■ TASK DATA ■
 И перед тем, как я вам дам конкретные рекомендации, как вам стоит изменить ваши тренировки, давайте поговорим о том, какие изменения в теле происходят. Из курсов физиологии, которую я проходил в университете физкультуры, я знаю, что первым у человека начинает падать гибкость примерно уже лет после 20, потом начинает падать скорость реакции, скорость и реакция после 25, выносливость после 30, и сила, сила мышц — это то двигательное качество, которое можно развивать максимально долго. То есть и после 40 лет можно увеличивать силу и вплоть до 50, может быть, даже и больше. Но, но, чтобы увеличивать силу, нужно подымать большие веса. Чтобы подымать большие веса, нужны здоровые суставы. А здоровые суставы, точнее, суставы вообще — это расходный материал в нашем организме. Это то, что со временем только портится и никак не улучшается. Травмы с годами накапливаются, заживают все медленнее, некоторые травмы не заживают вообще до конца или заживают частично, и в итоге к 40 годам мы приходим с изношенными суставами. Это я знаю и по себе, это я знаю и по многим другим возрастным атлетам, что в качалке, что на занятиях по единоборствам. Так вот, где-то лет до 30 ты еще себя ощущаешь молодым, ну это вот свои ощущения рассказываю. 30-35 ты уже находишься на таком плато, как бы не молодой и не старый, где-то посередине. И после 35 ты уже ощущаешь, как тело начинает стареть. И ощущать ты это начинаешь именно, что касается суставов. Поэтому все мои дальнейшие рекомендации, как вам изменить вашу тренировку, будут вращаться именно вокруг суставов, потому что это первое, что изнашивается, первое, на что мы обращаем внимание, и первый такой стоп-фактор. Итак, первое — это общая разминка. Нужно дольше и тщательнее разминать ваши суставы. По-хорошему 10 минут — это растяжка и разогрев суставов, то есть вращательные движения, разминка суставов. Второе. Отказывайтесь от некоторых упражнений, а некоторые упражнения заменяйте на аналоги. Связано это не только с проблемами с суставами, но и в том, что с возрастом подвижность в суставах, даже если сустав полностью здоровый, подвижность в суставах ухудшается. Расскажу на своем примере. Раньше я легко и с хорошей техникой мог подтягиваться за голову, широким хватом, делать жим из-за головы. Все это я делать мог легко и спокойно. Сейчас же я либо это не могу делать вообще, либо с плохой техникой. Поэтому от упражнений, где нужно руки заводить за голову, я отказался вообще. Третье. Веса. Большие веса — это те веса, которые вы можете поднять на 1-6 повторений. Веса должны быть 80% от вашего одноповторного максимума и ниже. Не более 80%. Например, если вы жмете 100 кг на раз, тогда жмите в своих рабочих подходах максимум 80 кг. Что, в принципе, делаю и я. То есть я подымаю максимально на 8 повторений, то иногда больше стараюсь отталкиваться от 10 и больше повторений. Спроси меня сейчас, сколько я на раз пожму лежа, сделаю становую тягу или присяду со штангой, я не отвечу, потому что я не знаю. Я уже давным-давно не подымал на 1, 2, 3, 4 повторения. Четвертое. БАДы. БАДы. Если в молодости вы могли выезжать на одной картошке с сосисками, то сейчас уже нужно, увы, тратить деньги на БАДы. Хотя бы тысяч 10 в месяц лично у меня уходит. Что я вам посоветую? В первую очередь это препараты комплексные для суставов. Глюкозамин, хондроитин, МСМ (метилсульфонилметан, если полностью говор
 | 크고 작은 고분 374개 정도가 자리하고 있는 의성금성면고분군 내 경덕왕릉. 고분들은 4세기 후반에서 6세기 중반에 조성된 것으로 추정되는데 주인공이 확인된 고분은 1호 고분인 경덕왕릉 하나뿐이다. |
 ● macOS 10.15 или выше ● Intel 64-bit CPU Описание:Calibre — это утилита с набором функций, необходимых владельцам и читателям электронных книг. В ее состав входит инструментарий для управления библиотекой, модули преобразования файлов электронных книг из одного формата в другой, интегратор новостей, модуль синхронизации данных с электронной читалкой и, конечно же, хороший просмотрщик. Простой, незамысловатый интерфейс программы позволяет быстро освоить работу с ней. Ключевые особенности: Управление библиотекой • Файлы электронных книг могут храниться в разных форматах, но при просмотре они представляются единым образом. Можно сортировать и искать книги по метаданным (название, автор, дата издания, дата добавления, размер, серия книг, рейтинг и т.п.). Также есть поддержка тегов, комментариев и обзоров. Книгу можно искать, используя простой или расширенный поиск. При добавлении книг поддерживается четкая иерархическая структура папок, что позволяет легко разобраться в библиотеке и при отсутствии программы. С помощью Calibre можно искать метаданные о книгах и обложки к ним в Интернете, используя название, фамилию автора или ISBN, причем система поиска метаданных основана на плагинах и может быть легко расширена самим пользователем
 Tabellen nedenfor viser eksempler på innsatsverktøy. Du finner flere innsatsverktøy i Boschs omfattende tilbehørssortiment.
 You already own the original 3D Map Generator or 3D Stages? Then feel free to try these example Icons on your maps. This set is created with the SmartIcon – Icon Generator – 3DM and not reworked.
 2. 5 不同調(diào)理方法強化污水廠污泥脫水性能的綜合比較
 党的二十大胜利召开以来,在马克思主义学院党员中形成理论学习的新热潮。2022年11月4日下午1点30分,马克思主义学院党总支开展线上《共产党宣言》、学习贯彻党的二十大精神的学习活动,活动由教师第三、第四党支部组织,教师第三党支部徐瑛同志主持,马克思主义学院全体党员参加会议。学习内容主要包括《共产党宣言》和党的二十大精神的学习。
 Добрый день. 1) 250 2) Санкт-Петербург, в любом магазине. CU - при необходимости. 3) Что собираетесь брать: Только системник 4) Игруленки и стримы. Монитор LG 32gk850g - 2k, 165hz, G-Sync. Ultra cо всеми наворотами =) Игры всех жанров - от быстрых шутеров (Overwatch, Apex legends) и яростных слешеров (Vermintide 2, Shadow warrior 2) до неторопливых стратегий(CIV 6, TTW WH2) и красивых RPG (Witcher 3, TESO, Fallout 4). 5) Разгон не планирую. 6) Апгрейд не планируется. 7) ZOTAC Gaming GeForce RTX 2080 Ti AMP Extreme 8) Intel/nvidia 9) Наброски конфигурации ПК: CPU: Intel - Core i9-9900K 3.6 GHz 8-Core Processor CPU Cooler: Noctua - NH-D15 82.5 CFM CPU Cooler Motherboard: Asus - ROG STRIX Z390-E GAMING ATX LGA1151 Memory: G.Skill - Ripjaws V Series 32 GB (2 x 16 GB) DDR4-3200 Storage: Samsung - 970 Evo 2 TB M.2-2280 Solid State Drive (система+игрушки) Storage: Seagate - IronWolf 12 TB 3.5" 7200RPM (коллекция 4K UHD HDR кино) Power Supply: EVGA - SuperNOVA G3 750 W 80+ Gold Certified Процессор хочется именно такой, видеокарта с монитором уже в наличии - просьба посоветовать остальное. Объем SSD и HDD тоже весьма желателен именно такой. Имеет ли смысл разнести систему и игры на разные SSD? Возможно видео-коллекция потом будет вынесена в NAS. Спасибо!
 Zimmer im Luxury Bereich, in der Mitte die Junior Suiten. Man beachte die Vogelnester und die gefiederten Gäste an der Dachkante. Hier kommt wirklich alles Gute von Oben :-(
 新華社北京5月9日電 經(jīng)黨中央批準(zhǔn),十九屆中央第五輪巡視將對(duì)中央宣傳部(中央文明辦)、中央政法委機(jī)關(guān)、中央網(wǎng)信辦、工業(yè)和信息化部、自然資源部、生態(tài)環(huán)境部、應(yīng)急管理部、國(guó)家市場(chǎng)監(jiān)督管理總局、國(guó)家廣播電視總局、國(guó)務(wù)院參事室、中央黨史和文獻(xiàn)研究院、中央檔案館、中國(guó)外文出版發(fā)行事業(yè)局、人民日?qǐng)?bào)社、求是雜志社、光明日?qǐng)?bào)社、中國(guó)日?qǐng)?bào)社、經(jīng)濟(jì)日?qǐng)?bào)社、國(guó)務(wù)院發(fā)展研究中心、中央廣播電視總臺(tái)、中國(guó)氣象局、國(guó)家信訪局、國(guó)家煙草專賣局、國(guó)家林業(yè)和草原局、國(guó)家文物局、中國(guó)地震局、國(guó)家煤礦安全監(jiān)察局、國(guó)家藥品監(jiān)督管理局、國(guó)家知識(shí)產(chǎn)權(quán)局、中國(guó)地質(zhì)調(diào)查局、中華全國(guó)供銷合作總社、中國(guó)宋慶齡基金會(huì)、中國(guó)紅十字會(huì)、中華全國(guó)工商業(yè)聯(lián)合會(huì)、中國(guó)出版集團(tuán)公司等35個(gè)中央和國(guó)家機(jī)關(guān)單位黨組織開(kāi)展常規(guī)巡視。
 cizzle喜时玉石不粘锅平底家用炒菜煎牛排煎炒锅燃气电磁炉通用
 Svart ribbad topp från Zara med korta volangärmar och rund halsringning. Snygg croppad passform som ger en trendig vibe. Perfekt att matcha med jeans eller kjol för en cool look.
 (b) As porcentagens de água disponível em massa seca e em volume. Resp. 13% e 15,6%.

■ EXERCISE DESCRIPTION ■
Copy back the listing above exactly, but only from the line with "Tabellen nedenfor viser" through the line with "Zimmer im Luxury", both ends included.

■ FINAL ANSWER ■
 Tabellen nedenfor viser eksempler på innsatsverktøy. Du finner flere innsatsverktøy i Boschs omfattende tilbehørssortiment.
 You already own the original 3D Map Generator or 3D Stages? Then feel free to try these example Icons on your maps. This set is created with the SmartIcon – Icon Generator – 3DM and not reworked.
 2. 5 不同調(diào)理方法強化污水廠污泥脫水性能的綜合比較
 党的二十大胜利召开以来,在马克思主义学院党员中形成理论学习的新热潮。2022年11月4日下午1点30分,马克思主义学院党总支开展线上《共产党宣言》、学习贯彻党的二十大精神的学习活动,活动由教师第三、第四党支部组织,教师第三党支部徐瑛同志主持,马克思主义学院全体党员参加会议。学习内容主要包括《共产党宣言》和党的二十大精神的学习。
 Добрый день. 1) 250 2) Санкт-Петербург, в любом магазине. CU - при необходимости. 3) Что собираетесь брать: Только системник 4) Игруленки и стримы. Монитор LG 32gk850g - 2k, 165hz, G-Sync. Ultra cо всеми наворотами =) Игры всех жанров - от быстрых шутеров (Overwatch, Apex legends) и яростных слешеров (Vermintide 2, Shadow warrior 2) до неторопливых стратегий(CIV 6, TTW WH2) и красивых RPG (Witcher 3, TESO, Fallout 4). 5) Разгон не планирую. 6) Апгрейд не планируется. 7) ZOTAC Gaming GeForce RTX 2080 Ti AMP Extreme 8) Intel/nvidia 9) Наброски конфигурации ПК: CPU: Intel - Core i9-9900K 3.6 GHz 8-Core Processor CPU Cooler: Noctua - NH-D15 82.5 CFM CPU Cooler Motherboard: Asus - ROG STRIX Z390-E GAMING ATX LGA1151 Memory: G.Skill - Ripjaws V Series 32 GB (2 x 16 GB) DDR4-3200 Storage: Samsung - 970 Evo 2 TB M.2-2280 Solid State Drive (система+игрушки) Storage: Seagate - IronWolf 12 TB 3.5" 7200RPM (коллекция 4K UHD HDR кино) Power Supply: EVGA - SuperNOVA G3 750 W 80+ Gold Certified Процессор хочется именно такой, видеокарта с монитором уже в наличии - просьба посоветовать остальное. Объем SSD и HDD тоже весьма желателен именно такой. Имеет ли смысл разнести систему и игры на разные SSD? Возможно видео-коллекция потом будет вынесена в NAS. Спасибо!
 Zimmer im Luxury Bereich, in der Mitte die Junior Suiten. Man beachte die Vogelnester und die gefiederten Gäste an der Dachkante. Hier kommt wirklich alles Gute von Oben :-(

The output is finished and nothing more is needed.